It doesnt change the amount of magnesium at the end.


----------



## Lesso (Nov 29, 2019)

oldfogey8 said:


> Sounds like the research showed that you are throwing money away if you provide nutes up thru harvest since yield, potency and terpene profiles are not significantly different from flowers not fed the last couple weeks, right? Of course the nute manufacturer is going to focus on on people preferring the taste. Maybe the people they tested it on were used to smoking unflushed weed so that is what they prefer. Why feed them if you get really no benefit from feeding?

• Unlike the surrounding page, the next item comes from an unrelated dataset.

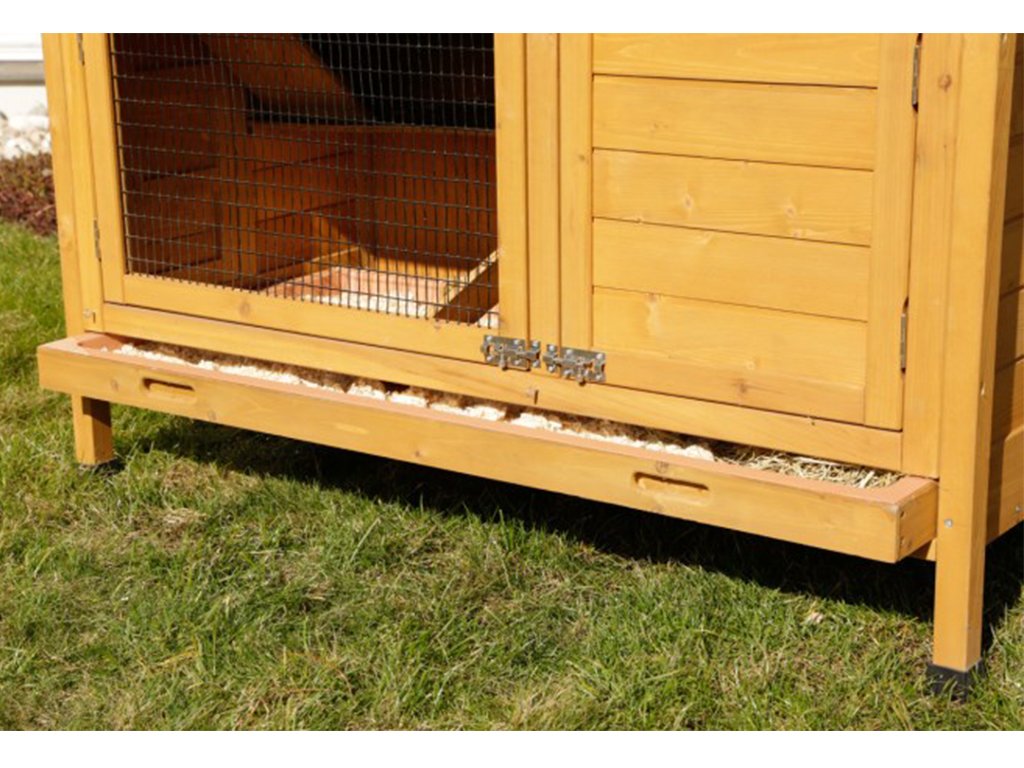 Čištění králíkárny zvládnete během pár minut. Práci velmi usnadní vyjímatelné trusníky o hloubce 5 cm umístěné v každém patře králíkárny, které stačí vysout, vyčistit a vrátit zpět.

Seems like this is the best argument for flushing, that there was no yield increase when using nutes all the way through.


----------



## oldfogey8 (Nov 29, 2019)

Headline could be ‘new research shows that feeding plants up until harvest may be unnecessary’ but the folks who funded the study would prefer to spin it for their profit...


----------



## fellowsped (Dec 1, 2019)

How does it have no effect on the mag in the end?  Just seems like pumping a bunch of mag into your plant right before harvest would result in more in the final product.  Isn't that what the crackling or sizzling is that you sometimes get?  Could be wrong that's just what I had been brought to believe.


----------



## stinkyattic (Dec 1, 2019)

I'm with fogey on this one. Why bother when all they really want by then is a drink? Maybe a sweet drink, with some sugars. Ooh like dessert after a long feast. But mostly just a drink!


----------